Abstract

Abstract Metal chelates are suitable electrocatalysts for the reduction of dioxygen. The selectivity of the reduction process (H 2 O 2 or H 2 O as end product) depends on which catalyst is used. Comparable compounds, such as cobalt and iron phthalocyanine (CoPc and FePc), show different selectivities. CoPc catalyzes the dioxygen reduction pathway with H 2 O 2 as the end product, whereas FePc gives H 2 O. The interaction between the catalyst and dioxygen is crucial for the selectivity of the reduction process. In this review, the most important models for the adsorption of dioxygen on metal chelates are discussed. Most of these models predict that dioxygen is adsorbed in a so‐called “end‐on (bent)” configuration on to the metal phthalocyanines.
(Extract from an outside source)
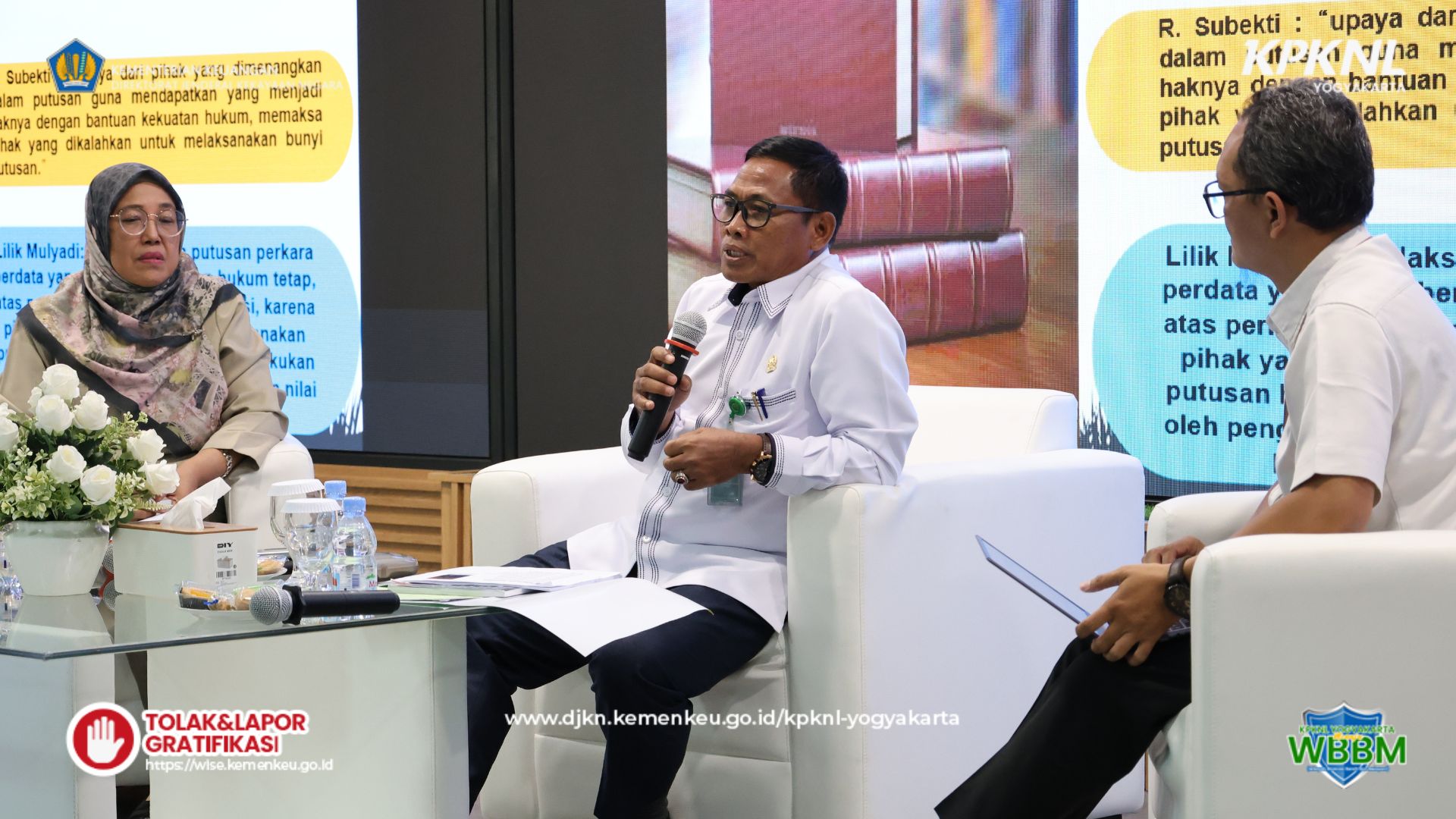 Acara ditutup dengan pemberian materi FGD Lelang Eksekusi oleh dua narasumber, yaitu Bapak Heri Harjanto selaku Panitera Pengadilan Negeri Sleman dan Ibu Nur Wiyandari selaku Kepala Seksi Penetapan Hak dan Pendaftaran Kantor Pertanahan Kabupaten Sleman. Sesi diskusi interaktif antara narasumber dan peserta menjadi penutup rangkaian kegiatan FGD Lelang Eksekusi.

The models also predict that, for the dioxygen adduct of CoPc, the oxygen fragment is more negatively charged than for the adduct of FePc, and that this may be the reason for the observed difference in selectivity. Alternatively, dioxygen can bind in between two metal phthalocyanine molecules. For these dioxygen‐bridged dimers, as can be derived from adsorption (bonding) models, the cleavage of the oxygen‐oxygen bond occurs more easily in the case of the FePc dioxygen dimer than in the corresponding Co complex.